While ostensibly the most gruesome of Thorndyke’s cases, getting off to a a gripping start with a head in a suitcase, this turns out to be oddly full of anticlimax and is ultimately a bit of a letdown.
There are lots of good ideas but the parts are better than the whole. The inveterate reader of Freeman expects the double format -so we know that the Winsborough Peerage Case and the platinum robbery are somehow connected- but here it does not quite work and, most unusually there are some loose ends with Buffham simply disappearing and Gimbler just fading out. The Peerage case involves a huge amount of genealogy and family history but the crux is quite simple of solution without a court case and Thorndyke does much of the necessary off-page.
3.5 stars for an interesting disappointment and for this insight:-
“Now, in the criminal department of my practice, I have been in the habit, from the first, of using what I may call a synthetic method.
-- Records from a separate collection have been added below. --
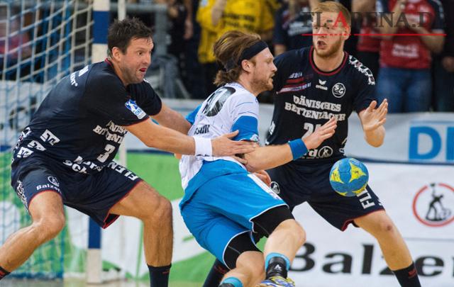 Kasper Kisum (Mitte) im Trikot des TVB Stuttgart im Vorjahr gegen seine ehemaligen SG-Teamkollegen Tobias Karlsson (li.) und Jim Gottfridsson (re.). (Archivfoto: Tim Riediger)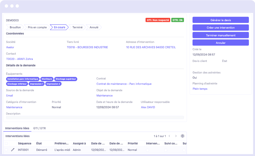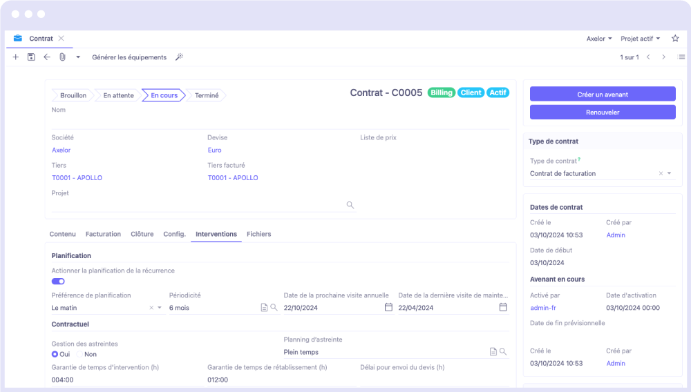 Notre module gestion des interventions est étroitement lié à notre module contrat afin de centraliser les informations. Gérez vos contrats, et planifiez automatiquement vos prochaines interventions récurrentes en fonction des équipements sous contrat.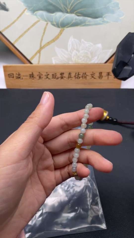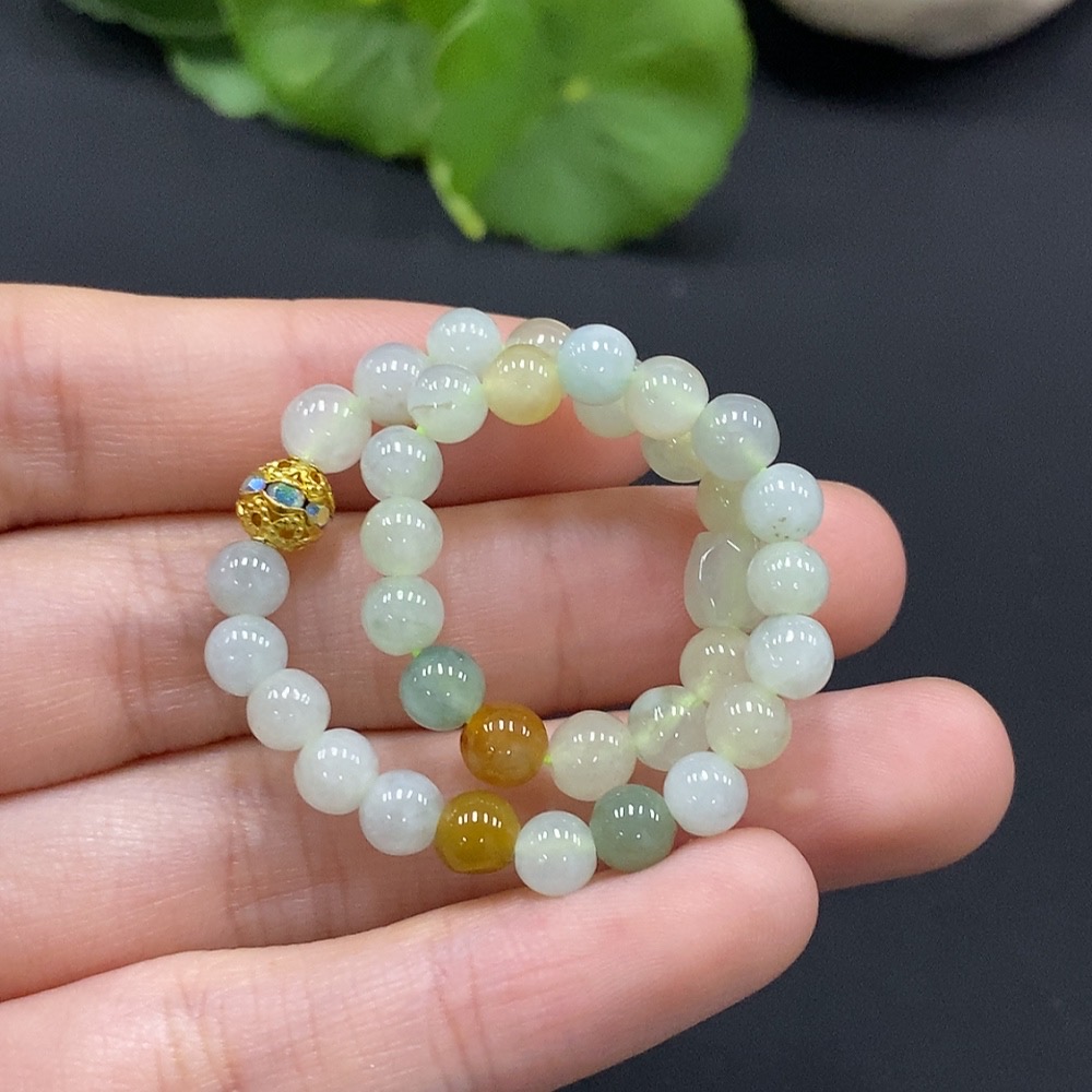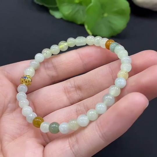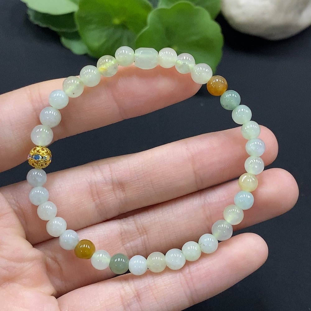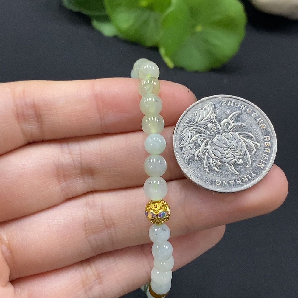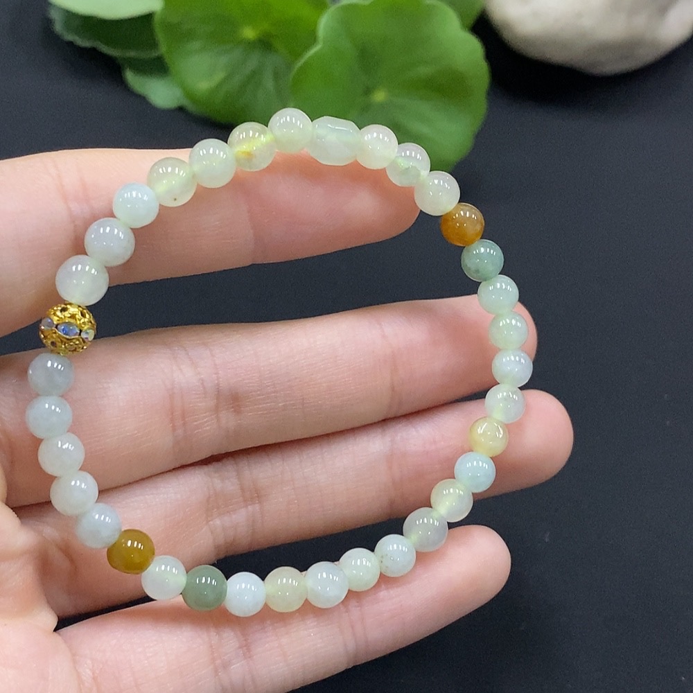 Jadeite Bracelet Approx. 5mm Beads Non-Gold Setting Yellow Beads Non-Grade A Total Weight Approx. 8.5g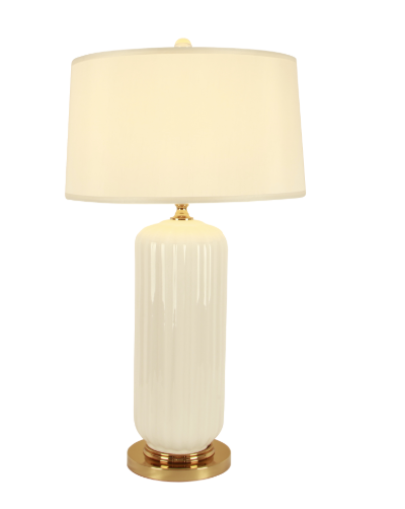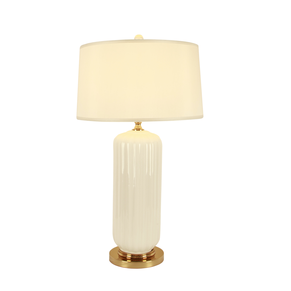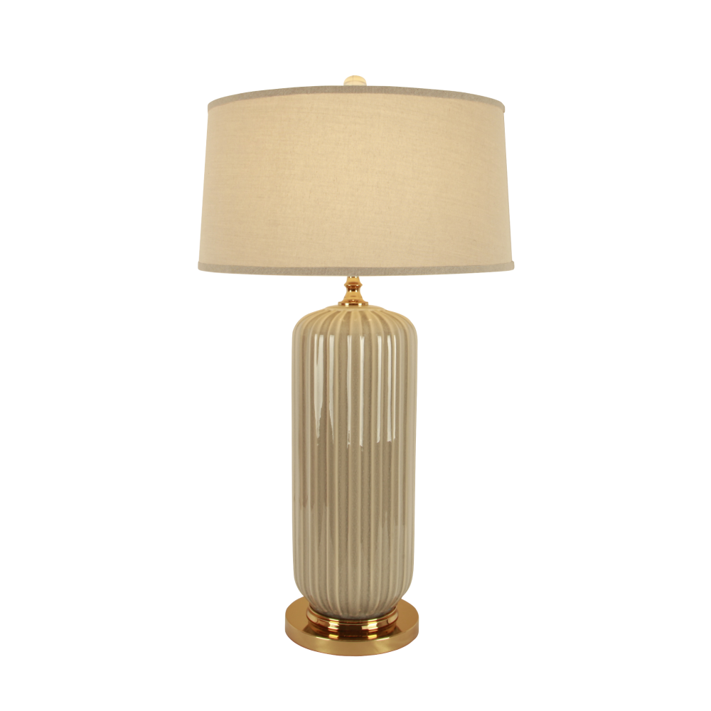 يجمع هذا التصميم بين صلابة السيراميك ورُقي المعدن ، بينما يكمّله غطاء قماشي ناعم يوزّع الإضاءة بلطف، ليخلق أجواء دافئة ومريحة. مثالية لإضفاء لمسة فخامة على غرف النوم، المعيشة، أو حتى زوايا العمل الراقية.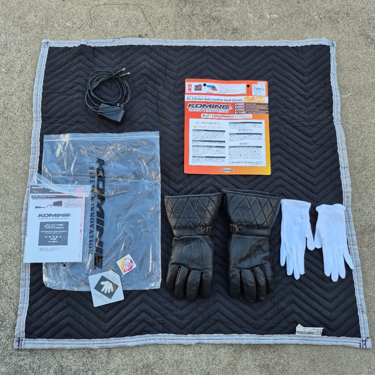 > 電熱コミネ(KOMINE) Lサイズ バイク用 グローブ EK-218 ネオレトロエレクトリックヒートグローブ Black 本革 フルセット スムス付けて使用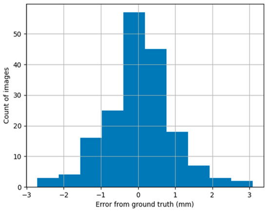 In the third stage, an algorithm was created to measure mandibular bone cortical thickness from a particular CBCT slice which is used to determine the presence or absence of osteoporotic changes. The empirical error distribution for this stage is depicted in Figure 10.
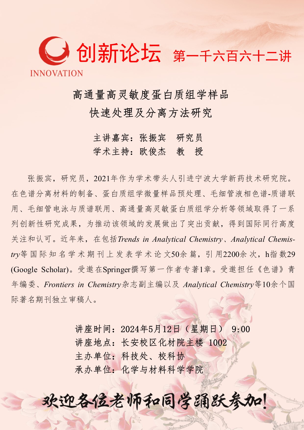 张振宾 研究员 BB平台创新论坛第一千六百六十二讲:高通量高灵敏度蛋白质组学样品快速处理及分离方法研究 讲座时间 2024年5月12日(星期日) 9:00 讲座地点 长安校区化材院主楼 讲座人介绍 张振宾 研究员 讲座内容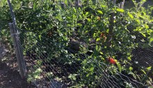 You know I like symmetry. Tomato plants donated by terrific daughter Elisabeth and fantastic fiance George Three successfully transplanted into the neat black pots secured at the nearby Lowe’s, my dear wife Karen and I decided a new backyard alignment with the strawberry pot and fig tree was in order. Long may you grow.

In investigating a known or suspected crime, my custom has been to put myself in the criminal’s place and ask myself what are the possible methods of committing that crime, and, of the possible methods, which would be the best; how, in fact, I should go about committing that crime, myself. Having worked out in detail the most suitable procedure, I then change over from the synthetic to the analytic method and consider all the inherent weaknesses and defects of the method, and the means by which it would be possible to detect the crime.”